The Supreme Court has recently discussed prejudgment interest in the context of personal injury suits in Cavnar v. Quality Control Parking, Inc., 696 S.W.2d 549 (1985). The Court’s broad language, however, indicates that prejudgment interest awards are proper whenever a plaintiff has suffered a harm, liquidated or not. The Cavnar Court held:
The time has come to revise the prejudgment interest rule to make injured parties whole and restore equity and symmetry to this area of the law. We therefore hold that, as a matter of law, a prevailing plaintiff may recover prejudgment interest compounded daily (based on a 365-day year) on damages that have accrued by the time of judgment. To the extent that other cases conflict with this holding, they are overruled.
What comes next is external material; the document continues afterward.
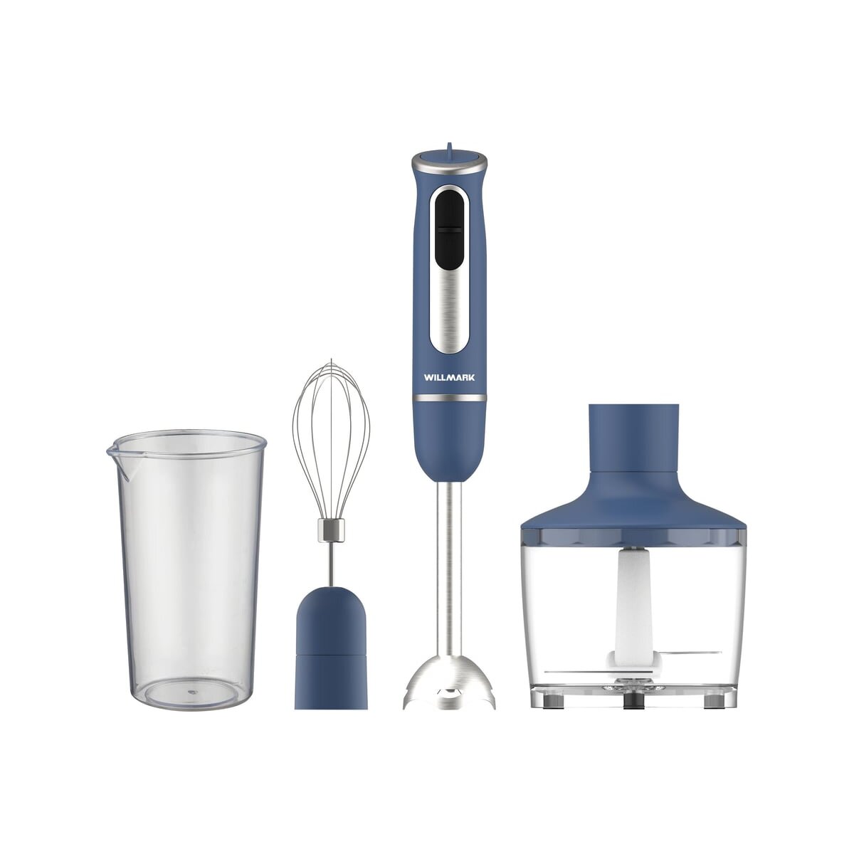 Блендер WILLMARK WHB-1470BS – погружной блендер 3 в 1 предназначен для измельчения, взбивания и смешивания разных ингредиентов. Корпус блендера выполнен из пластика с покрытием SOFT TOUCH для комфортного использования. Мощность прибора составляет 700 Ватт. На блендере установлены два режима работы , а также плавная регулировка скорости. В комплект изделия входит стальная насадка блендер, насадка венчик и измельчитель с емкостью чаши 860 мл. Насадки оснащены острыми ножами из нержавеющей стали и обеспечат идеальное смешивание, взбивание или измельчение продуктов. За счет тонкой длинной ножки пользоваться насадкой блендер можно будет даже в высокой посуде. Для удобства при использовании предусмотрен мерный стакан емкостью 600 мл. Конструкция измельчителя исключает разбрызгивание измельчаемых продуктов. Блендер WILLMARK WHB-1470BS не вызывает сложностей при эксплуатации и не занимает много места при хранении. При правильном использовании изделие прослужит Вам в течение многих лет. Готовьте с удовольствием с техникой WILLMARK.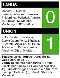 Lanús, eliminado el miércoles pasado de la Copa Sudamericana, prolongó su mala semana y ayer dejó su invicto en el torneo de Primera División al perder por 1-0 ante Unión. Almirón le dio descanso a algunos titulares y al equipo le costó hallar profundidad, pese a dominar el juego durante el primer tiempo y en buena parte del segundo, hasta el gol de Unión, que llegó con un cabezazo de Lucas Gamba tras una mala salida del arquero Monetti. En desventaja, el conjunto de Almirón intentó la heroica, pero chocó con la buena actuación de Nereo Fernández y con el travesaño, que devolvió un cabezazo de Herrera en el descuento.

Id. at 553-554 (emphasis in original).
We hold that the prejudgment interest awarded by the trial court was proper. No findings of fact or conclusions of law were requested or filed concerning the computation of this amount. Therefore, we will uphold the judgment on any legal theory supported by the evidence. In re W.E.R., 669 S.W.2d 716 (Tex.1984). There is nothing to indicate the trial court’s computation of prejudgment interest was erroneous. We overrule appellee’s cross-point dealing with prejudgment interest.
Appellee’s other ten cross-points deal so-ley with the Quinteros’ recovery under the Consumer Credit Code. Unlike the DTPA claims, the Credit Code claims were tried before the trial court and not before the jury.
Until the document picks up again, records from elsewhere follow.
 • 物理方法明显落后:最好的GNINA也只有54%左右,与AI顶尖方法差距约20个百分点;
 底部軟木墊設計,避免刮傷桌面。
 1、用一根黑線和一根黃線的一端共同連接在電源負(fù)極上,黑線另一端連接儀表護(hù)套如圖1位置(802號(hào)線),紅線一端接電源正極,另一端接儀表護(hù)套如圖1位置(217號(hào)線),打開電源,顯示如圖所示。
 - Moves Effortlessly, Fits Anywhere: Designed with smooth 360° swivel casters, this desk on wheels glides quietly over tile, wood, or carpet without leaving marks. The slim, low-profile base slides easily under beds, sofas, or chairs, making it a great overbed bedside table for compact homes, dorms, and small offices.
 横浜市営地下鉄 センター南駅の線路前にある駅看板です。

It is unclear which section of the Credit Code the trial court found to have been violated by Jim Walter Homes since no findings of fact or conclusions of law were filed concerning this point by the trial court. Appellee therefore raises a cross point for each possible ground of recovery pled by the Quinteros on which the Credit Code part of the judgment was based.
Appellee’s first cross point alleges that the trial court erred in granting the Quinte-ros’ judgment for penalties under sections 8.01 and 8.02 of the Credit Code. It is unnecessary to discuss the merits of this point. In Jim Walter Homes v. Schuenemann, 668 S.W.2d 324 (Tex.1984), the Supreme Court held that the contract used by Jim Walter Homes in that case violated the Credit Code. The relevant language of the instruments in that case, quoted by the Supreme Court in its opinion, is identical to that used in the Quinteros’ contract. It inescapably follows that the instruments signed by the Quinteros violated the Credit Code. Jim Walter Homes’ first cross point is overruled.
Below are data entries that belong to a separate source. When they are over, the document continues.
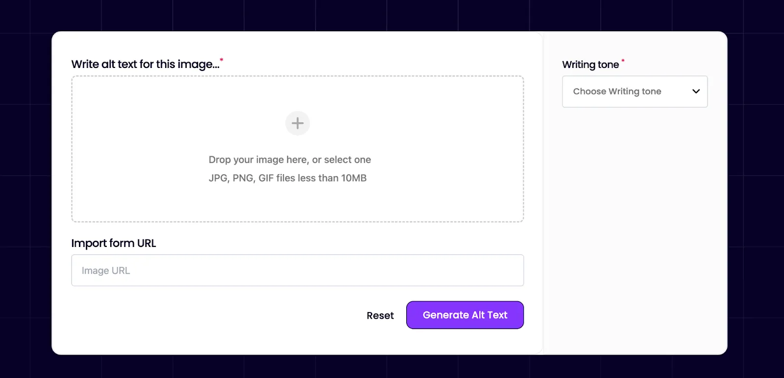 Best for: Bloggers, marketers, and e-commerce teams who want fast, descriptive, and SEO-friendly image alt text.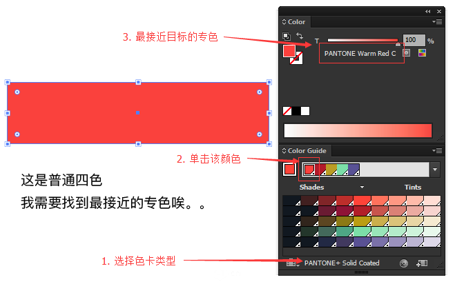 第三步,色卡类型选好后,单击"颜色参考"面板推荐的颜色,然后切换到"颜色"面板,最接近目标的专色号就呈现在你的面前。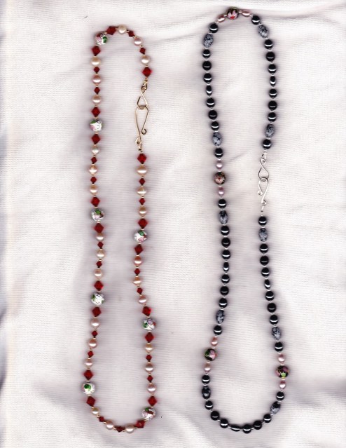 I’m not sure about my design skills anymore, but I think these may have come out okay.  They are both short — longer than choker length but not by a whole lot.  The one on the left is Swarovski crystal in Siam (a deep red), peach colored freshwater pearls, white cloisonné, small gold-filled spacer beads and a handmade gold-filled wire clasp.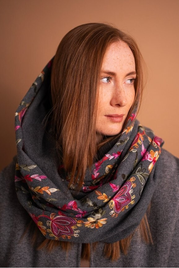 - lze přehodit kolem ramen a ukázat jedinečný vzor nebo se do něj zabalit v chladných dnech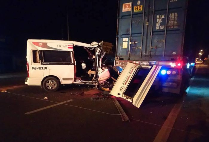 Theo đó, chiếc xe ô tô khách 16 chỗ mang BKS 14B-02180 đang chạy theo hướng Hạ Long – Hà Nội thì tông thẳng vào đuôi xe đầu kéo mang BKS 15C-14542, BKS rơ moóc – 15R-10548 đang đỗ ven đường. Cú tông mạnh khiến 10 người bị thương, trong đó có 3 người bị thương nặng.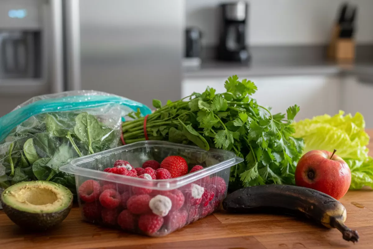 - Капли влаги в упаковке у ягод и зелени — частый предвестник плесени.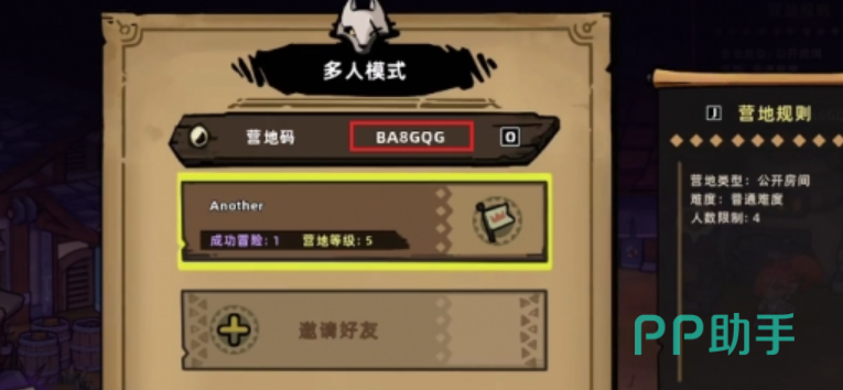 比如说挑战的难度,一般来说联机的情况下都会挑战困难模式,毕竟这样更有挑战感,接着就是人数,目前人数最多只是四个人,可以根据自身的情况减少人数,最后就是创建房间,这时候会有一个营地码,其余的队友跟着营地码就能加入房间,从而开始联机游戏。

It is not necessary to address the rest of Jim Walter Homes’ cross points. Where findings of fact are not properly requested and are not filed concerning a matter raised on appeal, the judgment of the trial court must be affirmed if it can be upheld on any legal theory that is supported by the evidence. See In re W.E.R., 669 S.W.2d 716 (Tex.1984). By overruling Jim Walter Homes’ first cross point, and having necessarily held that the judgment is supportable on at least one theory, it is not necessary to address the balance of the cross points. They are not controlling. TEX.R.CIV.P. 451.
We REVERSE the judgment of the trial court and REMAND the cause with instructions to reinstate the initial judgment of May 24,1981, including the prejudgment interest award, consistent with this opinion.
Before NYE, C.J., and BENAVIDES and DORSEY, JJ.